South Dakota's rich western heritage has been remembered along the interstate highway system at safety rest areas and tourist information centers.
The eight pillars which thrust skyward here merge in the framework of a tipi, the Plains Indian home. The one-by-one-and-one-half foot concrete lodge poles rise fifty-six feet in the air and weigh six-and-one-half tons each. The structures were executed in an architectural manner reflecting the spartan life lifestyle of the nomadic Lakota (Sioux) Nation.
The Coteau des Prairie country to the south of this rest area was one of the parts of South Dakota first settled by the Lakota tribes. The Coteau country was formed by the last great glacier which reached across South Dakota as far as the Missouri River. As it melted, thousands of ground-out potholes became glacial lakes. To the southeast, Lake Traverse and Big Stone represent remnants of a mighty river which drained archaic Lake Agassiz in Canada.
Between Lake Traverse and Big Stone Lake is the continental divide separating waters flowing to Hudson's Bay and those flowing to the Gulf of Mexico.

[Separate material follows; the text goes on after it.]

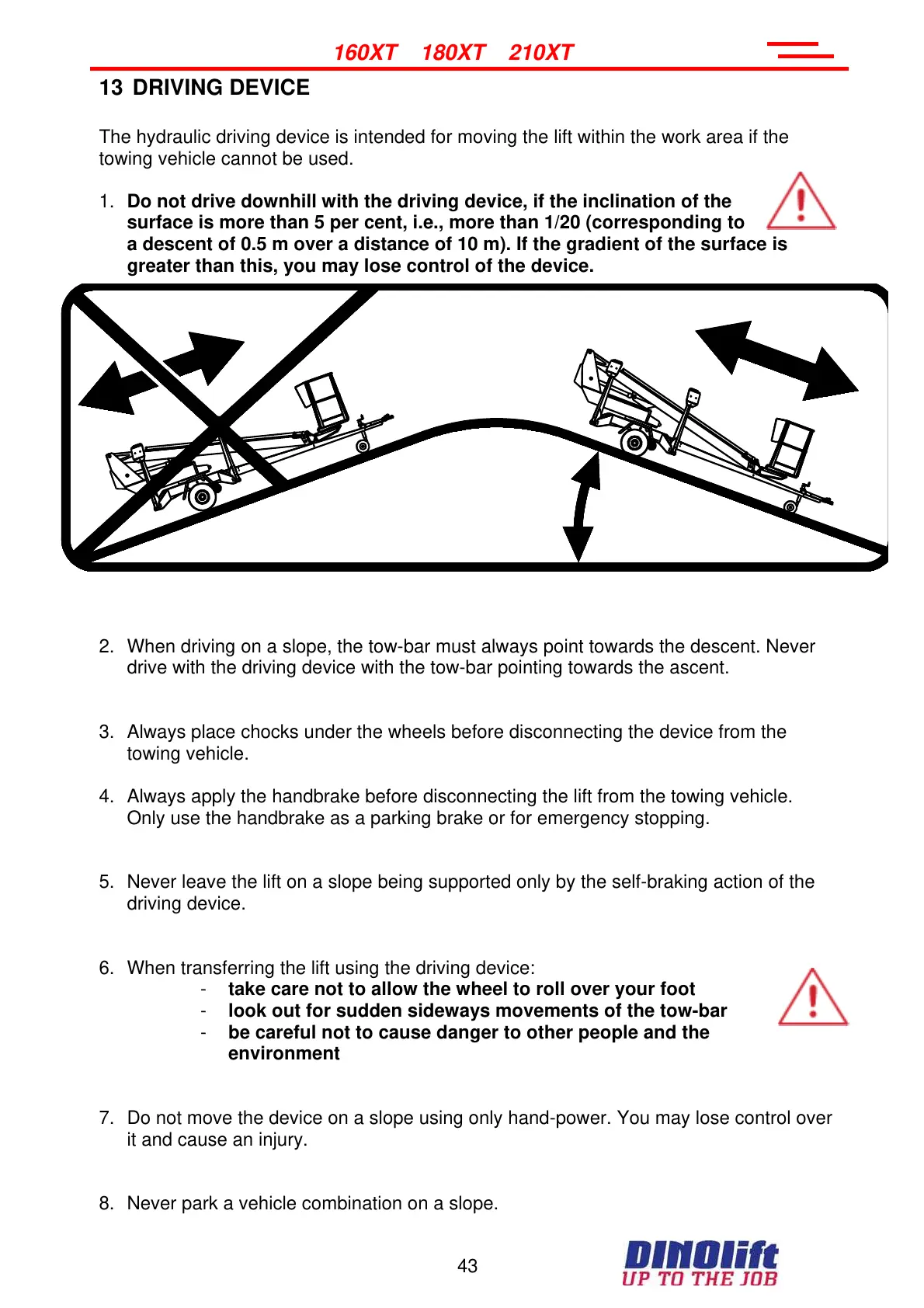 2. When driving on a slope, the tow-bar must always point towards the descent. Never
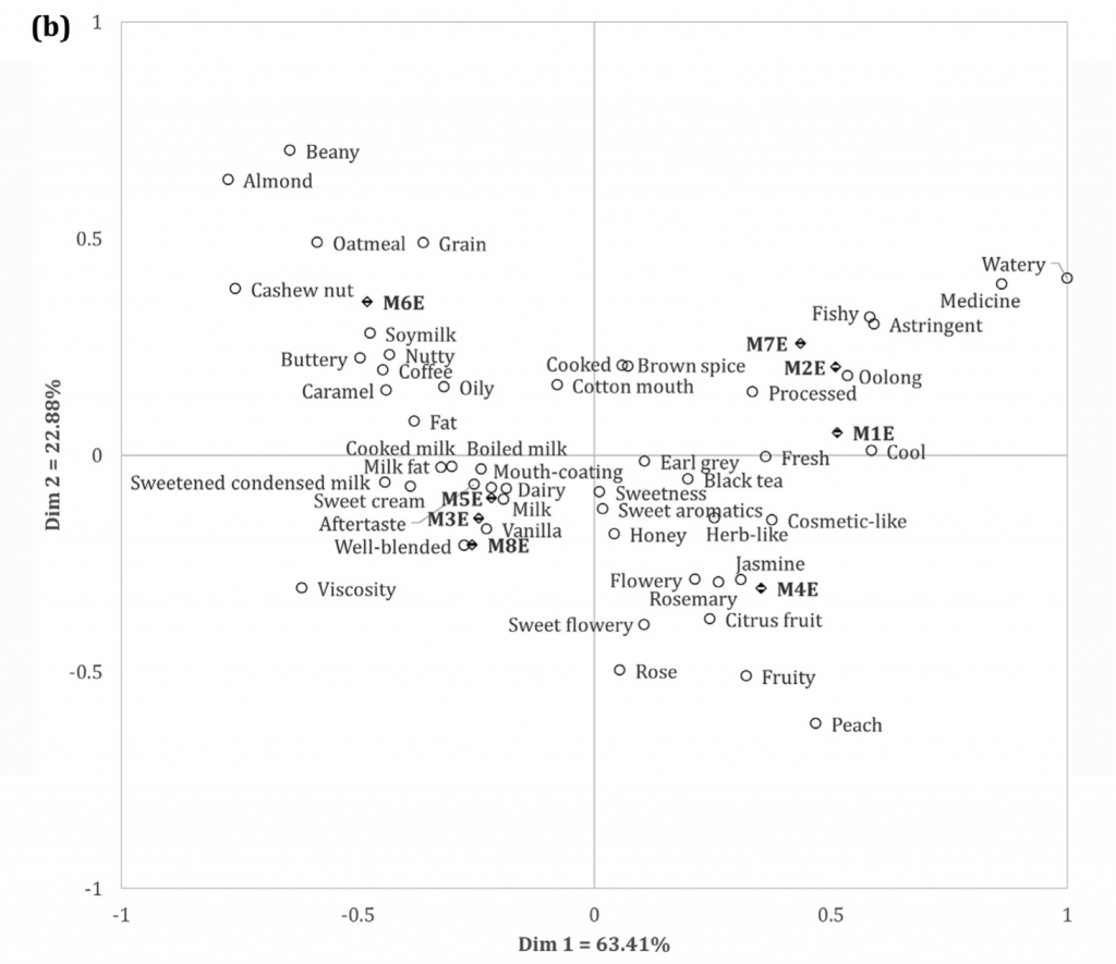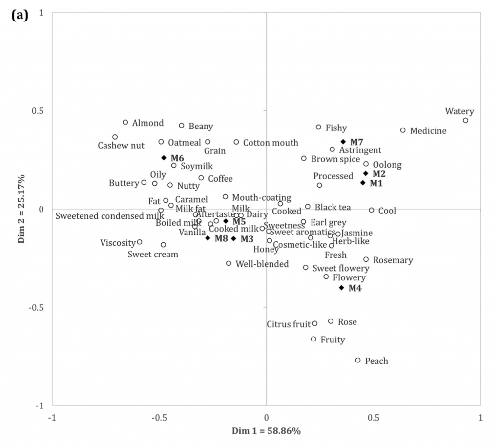 使用筛选后的50个词汇来进行对应分析(Correspondence Analysis)后可发现,主要属性如甜味、奶味、红茶味基本都落在原点为止。在两轮测试中,Dim1基本与涩味(astringent)、凉感(cool)、药味(medicine)、乌龙茶味(Oolong)、桃子味(Peach)、迷迭香味(Rosemary)、稀薄无味的(watery)正相关,与巴旦木味(almond)、黄油味(buttery)、腰果味(Cashew nut)、脂肪感(Fat)、燕麦味(Oatmeal)、油感(Oily)、豆奶味(Soymilk)、浓缩甜牛奶味(Sweetened condensed milk)、甜奶油(Sweet cream)和黏度(Viscosity)负相关。Dim2基本与巴旦木味(Almond)、豆腥味(Beany)、腰果味(Cashew nut)、鱼腥味(Fishy)、谷物味(Grain)、药味(Medicine)、燕麦味(Oatmeal)、稀薄无味的(watery)正相关,与柑橘水果味(citrus fruit)、水果味(Fruity)、桃子味(Peach)和玫瑰味(Rose)负相关。

Fur traders and voyageurs found this lake country to be prime trapping and trading territory; they may have arrived in the area as early as 1679. At that time the Santee Sioux, consisting of the Wahpeton, Sisseton, Mdewakanton, and Wahpekute tribes were moving into the lakes region. Nearly two centuries later the Santee ceded this part of South Dakota to the United States in the treaty of Traverse des Sioux, 1851.
The U.S. Army established one of its earliest military posts in South Dakota in 1804, at Fort Sisseton, 36 miles (57 Kilometers) southwest of here. That post was abandoned by the army in 1889, and is now a South Dakota state park. Actual white settlement did not begin until the reservation area of the Sisseton-Wahpeton was opened in 1892.